According to the output, everything looks perfectly fine until the last scf iteration, and then within that, the loop that optimize the Lagrangian multipliers (nu) look ok until the line where Gamma jumos to 5.66314e+08. This is a Conjugate Gradient; kappa is the trial step length for the line minimization and kappa opt the optimized step length. The "gradient" for the search direction is the deviation in atomic spins, and gamma is the ratio of the new to previous gradient (squared). That should not be able to jump by 8 orders of magnitude upon a small step in the previous iteration.

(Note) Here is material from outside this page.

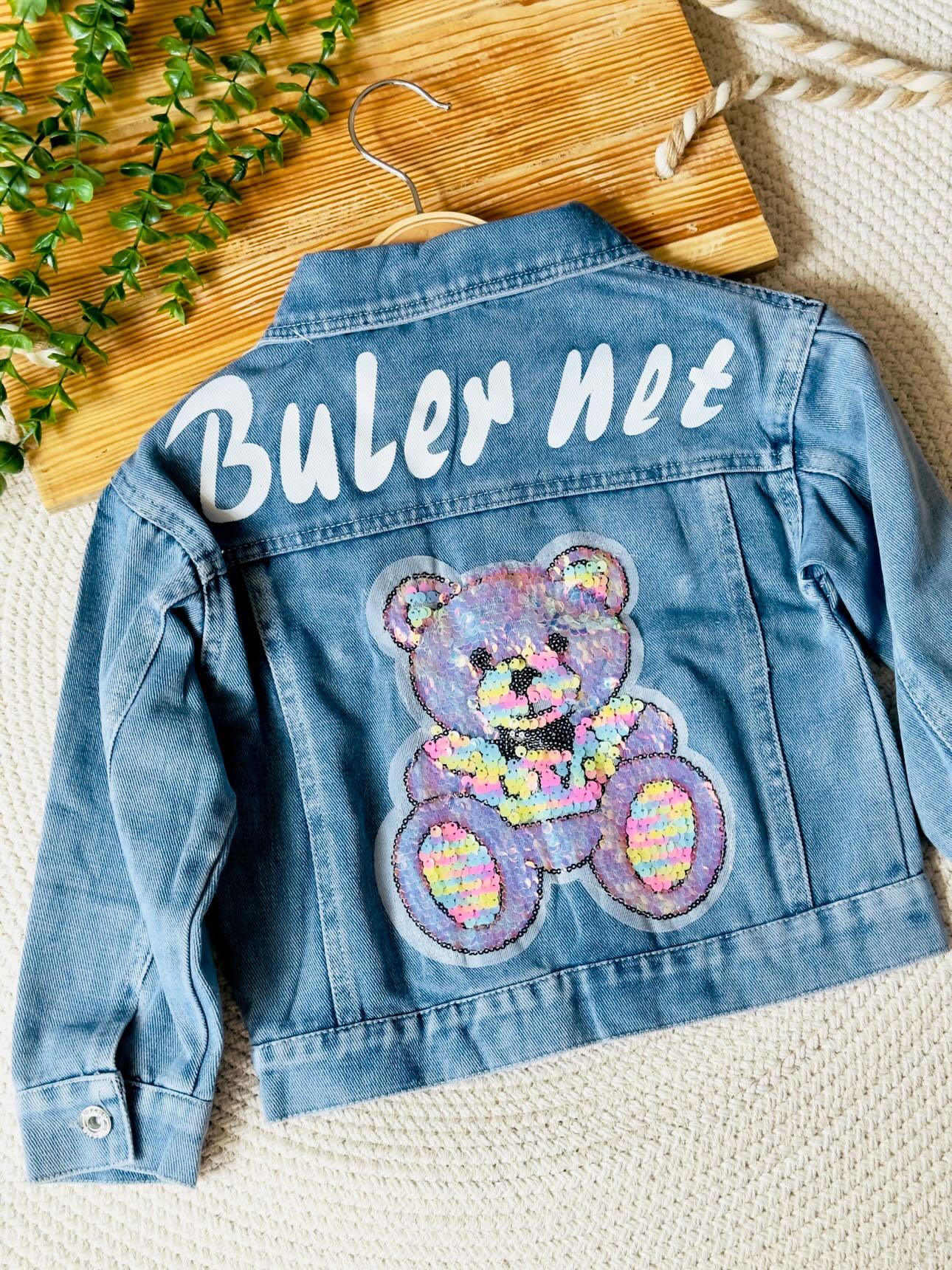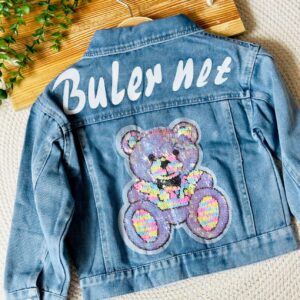 خانه دخترانه کت جین، هودی و سوئیشرت دخترانه کت پولکی خرسی کد 1349

I have the suspicion that this results from a synchronization error between the MPI tasks, that can happen if numerical noise accumulates for (conceptually global) quantities that are computed independently for each MPI tasks. What then happens is that the MPI tasks disagree whether the iterations have converged, and they no longer work on the same part of the code. Then some MPI tasks send completely different data, the eigenvalues pick up random values, and the Fermi-level searching algorithm fails to find a reasonable value, and you have the symptoms I see in the log file.
One frequent symptom of MPI mismatch is that the behavior is not reproducible, i.e., the same calculation stops at different moments, or runs in some cases and stops in others. One could also try to set the environment SX_LOG_STDOUT=ALL - then all MPI tasks produce output (tasks 1 - N to hidden files .stdoutDump_<i>, and one can compare if they show different output in the end that shows that some tasks continue with the next step, while others continue to iterate the nu's. Also, if affordable, a non-MPI run should not show such issues.

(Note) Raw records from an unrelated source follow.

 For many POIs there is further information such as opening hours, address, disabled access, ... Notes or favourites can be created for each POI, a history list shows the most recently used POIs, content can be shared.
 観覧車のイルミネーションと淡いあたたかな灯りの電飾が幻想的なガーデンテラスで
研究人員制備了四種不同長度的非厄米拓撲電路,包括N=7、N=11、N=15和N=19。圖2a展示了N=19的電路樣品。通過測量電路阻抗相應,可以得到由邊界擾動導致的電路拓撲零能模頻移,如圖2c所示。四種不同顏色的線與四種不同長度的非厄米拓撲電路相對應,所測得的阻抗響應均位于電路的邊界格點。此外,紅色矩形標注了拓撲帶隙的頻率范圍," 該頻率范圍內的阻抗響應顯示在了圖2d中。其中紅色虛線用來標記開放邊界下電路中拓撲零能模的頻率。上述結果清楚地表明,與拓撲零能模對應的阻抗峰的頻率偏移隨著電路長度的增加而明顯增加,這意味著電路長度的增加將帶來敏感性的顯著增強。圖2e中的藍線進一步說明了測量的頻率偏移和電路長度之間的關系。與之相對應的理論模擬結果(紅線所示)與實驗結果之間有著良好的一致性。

I had similar things long time ago with the scf iterations, and I ended up broadcasting the convergence decision. Before I implement a corresponding fix for the nu optimization loop, could you try to check if my suspicion is true by rerunning the same calculation with SX_LOG_STDOUT=ALL, and check if the final lines of output show any signs of discrepancies?
If that is the case, I apologize for the inconvenience. MPI parallelization was implemented in the second round, using simple test cases to ensure that I can run them in serial. These simple test cases may be more well-behaved.
Updated by Noam Bernstein 25 days ago
Thank you for taking a look. It does look like the behavior is not reproducible, suggesting that your idea about the synchronization between MPI tasks makes sense. Unfortunately I haven't yet been able to reproduce this behavior with a sufficiently cheap system to run serially, but I can do several parallel runs and see if I get a sense of how often it happens, and save the SX_LOG_STDOUT=ALL output.
Updated by Noam Bernstein 22 days ago
I was able to reproduce this behavior in a run with SX_LOG_STDOUT=ALL. How do we go about confirming your hypothesis? Is there something I should look at, or should I just upload all 8 stdout files?
Updated by Christoph Freysoldt 22 days ago
Thanks.
There should be differences toward the end, notably in the nu loop (kappa/kappa opt/Gamma etc). Some could finish at low residues, right before the others explode.
If you don't see anything, please upload all 8 log files (or the last scf iteration, if they are too big).
Updated by Noam Bernstein 21 days ago
- File stdouts.tar.gz stdouts.tar.gz added
I don't see any differences in the last 100 or so lines (although there are differences near machine precision level in some quantities earlier in the process). I've uploaded the output files. One thing I also have, which I'll inspect, is the corresponding set of files from a run of supposedly the same inputs that didn't blow up. If I see anything interesting I'll upload those as well.